Muse paused, feeling a surge of impatience at the circles they were spinning.

“Will you go now?” Old Muse prompted.  “I am tired of speaking to you.”

“I need to know what really happened,” Muse insisted.  “It happened to you, so you must know.”

“Why?  Why does it matter to you?”  She tiled her head to the side, reminding Muse of an old gray bird, peering curiously from gimlet eyes.

“However you managed it, you live in one world,” Muse answered.  “At the expense of your Immortal Youth, obviously, but you sleep.  You get to sleep.  I want to know how.”

“I sleep all the time, young wakeful thing,” Old Muse’s eyes took on a knowing gleam.  “It’s all I ever do.  Why does a pretty young blessed thing want to throw away her life and youth to become a haggard old crone like me?”

Muse shook her head.  “I don’t.”

“You think you can be like me but better than me, is that it?”

Muse nodded.  There was no use denying it.

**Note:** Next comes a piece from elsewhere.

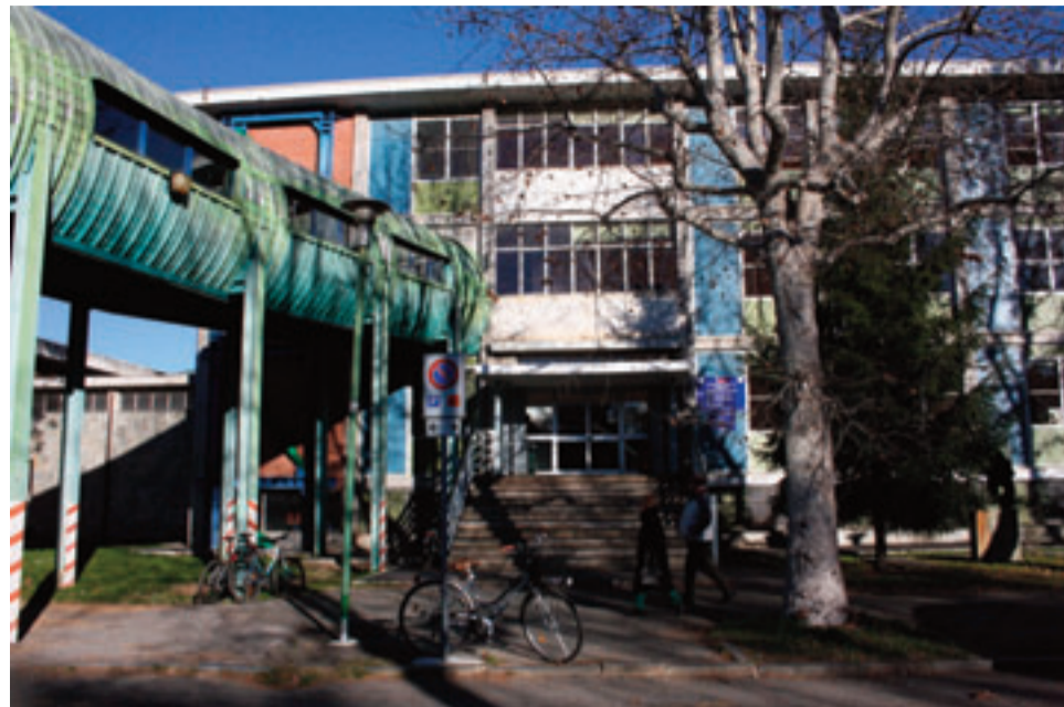
L'istituto Ignazio "Porro" di Pinerolo

Old Muse laughed, a harsh, scoffing laugh.  “Not likely.  If you give up one life you give up both, poor tired thing.  Now go off and be tired somewhere else.”

“I will go off if you just tell me what I want to know.  I don’t see why you should care how I turn out, so there’s no use in hiding it.”  Muse crossed her arms and stared her down, trying to look as implacable as possible.

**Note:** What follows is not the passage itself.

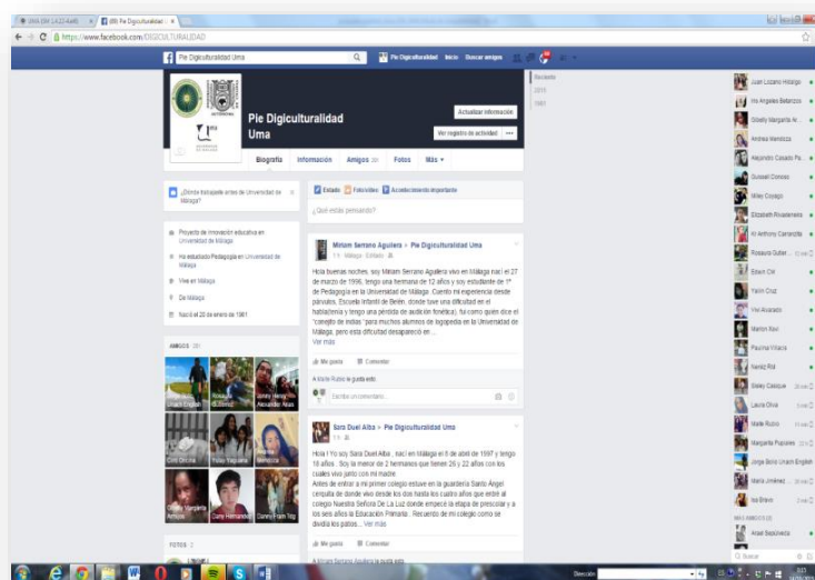
Figura 1. Página de inicio de la Web de Digidigitalidad, del Proyecto de Innovación Educativa.

A fecha de abril de 2017, ya son más de 700 estudiantes de seis universidades (UMA, UEA, UPNA, UPO, UM, UNACH), de tres países distintos (Ecuador, México y España) quienes comparten inquietudes, sueños, esperanzas, aprendizajes e historias. Y decimos precisamente historias, porque, hasta la fecha se han planteado la realización de dos tareas básicas para su desarrollo:

Old Muse was not impressed.  “I told you before.  My path is my own.  You cannot emulate it.  It’s no use to try.  You want to know how to throw your lives away, you must find your own way.”

“But—”

“No more.  Go now, I’ve nothing more to tell you.”  Old Muse went to the mirror and would not be stopped.  She turned, facing Muse, and backed into the glass.  It enveloped her and soon Muse saw nothing but her own, younger self starting back at her.

She wondered then if she had been merely talking to herself all along.